▶ _What you will do_
Print the listing as it stands, omitting all images.
[Opening Input data section]
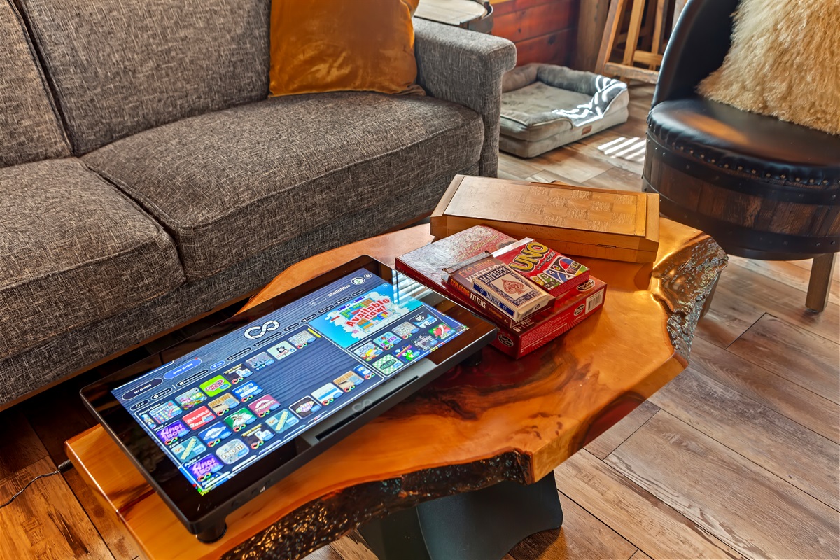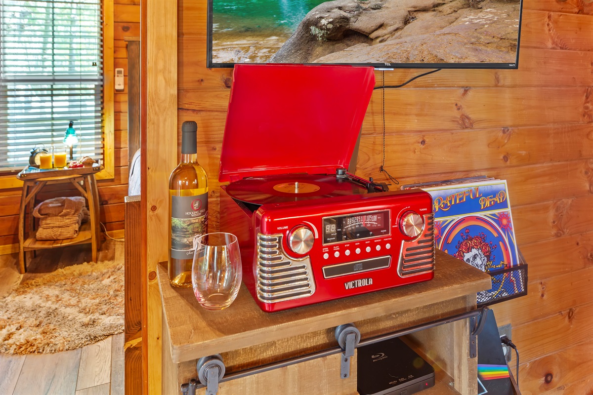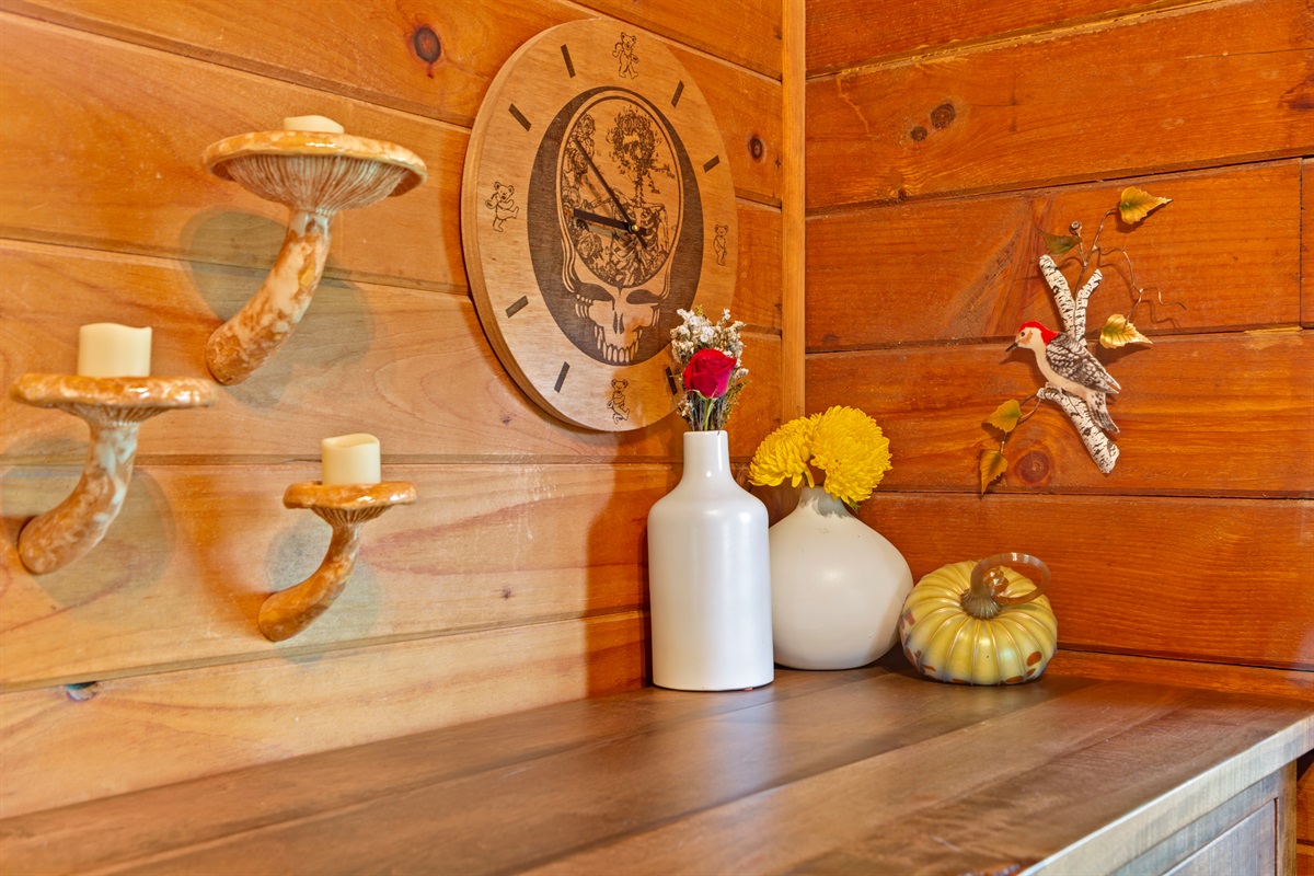 The inviting living room has custom Amish live-edge tables and seating, the centerpiece being the mid-century modern electric fireplace. You'll appreciate the media center that boasts a vinyl record collection, CDs, DVDs/BluRays, and a retro Nintendo unit offering hours of entertainment. Enjoy local programming on YouTube TV or sign into your favorite streaming service on the 40" Roku TV and enjoy your favorite movies and shows.
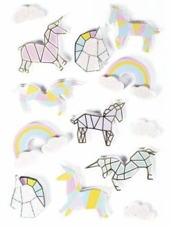 Planche de 13 stickers en 3D sur le thème des licornes à coller sur tous vos projets de scrapbooking, vos cartes de vœux, vos faire-part et toutes vos idées de DIY. A l’intérieur de ce pack, vous pourrez trouver 3 licornes multicolores, 3 licornes origami, 2 têtes de licorne géométriques, 3 arc-en-ciel et 3 petits nuages. Chaque sticker se colle grâce à un petit élèment collant présent au dos de chaque sticker. Un sticker licorne mesure 50 mm.
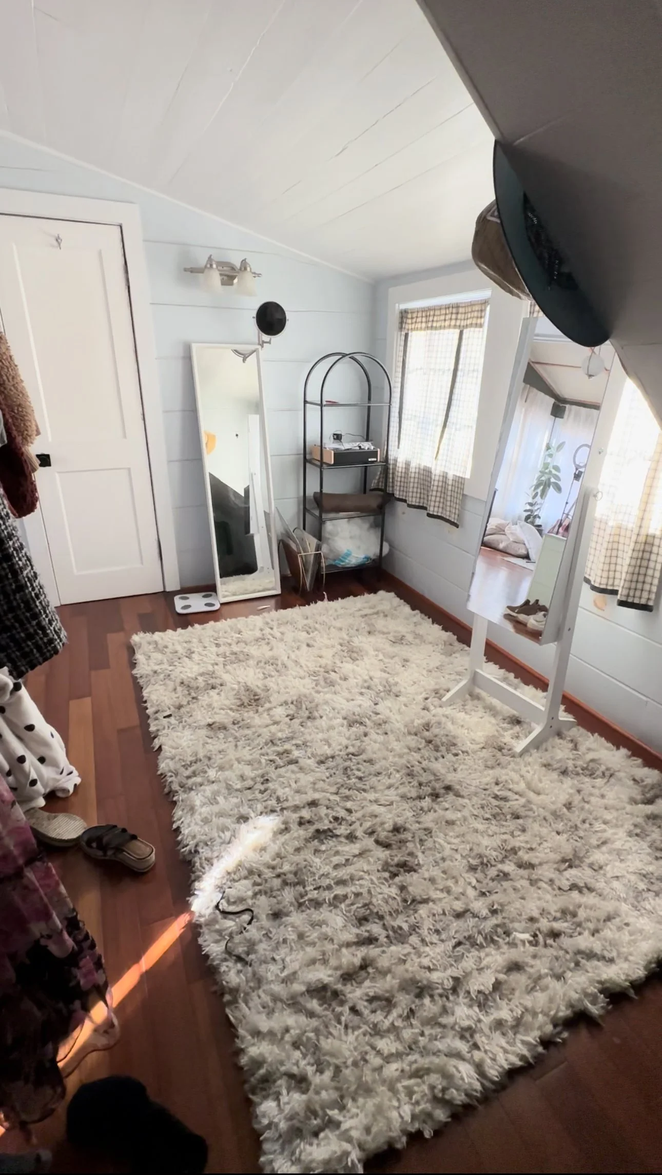 Click here for a link to all of the items I purchased, including the corner shelves, fluffy rugs, belt storage, and more!
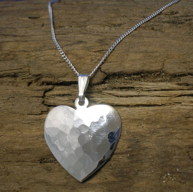 These beautiful heart earrings are handmade in solid Sterling Silver by Philip Tulley and feature a hammered (planished) finish which reflects the light in an interesting way.
[Closing Input data section]
▶ _Task output_
 The inviting living room has custom Amish live-edge tables and seating, the centerpiece being the mid-century modern electric fireplace. You'll appreciate the media center that boasts a vinyl record collection, CDs, DVDs/BluRays, and a retro Nintendo unit offering hours of entertainment. Enjoy local programming on YouTube TV or sign into your favorite streaming service on the 40" Roku TV and enjoy your favorite movies and shows.
 Planche de 13 stickers en 3D sur le thème des licornes à coller sur tous vos projets de scrapbooking, vos cartes de vœux, vos faire-part et toutes vos idées de DIY. A l’intérieur de ce pack, vous pourrez trouver 3 licornes multicolores, 3 licornes origami, 2 têtes de licorne géométriques, 3 arc-en-ciel et 3 petits nuages. Chaque sticker se colle grâce à un petit élèment collant présent au dos de chaque sticker. Un sticker licorne mesure 50 mm.
 Click here for a link to all of the items I purchased, including the corner shelves, fluffy rugs, belt storage, and more!
 These beautiful heart earrings are handmade in solid Sterling Silver by Philip Tulley and feature a hammered (planished) finish which reflects the light in an interesting way.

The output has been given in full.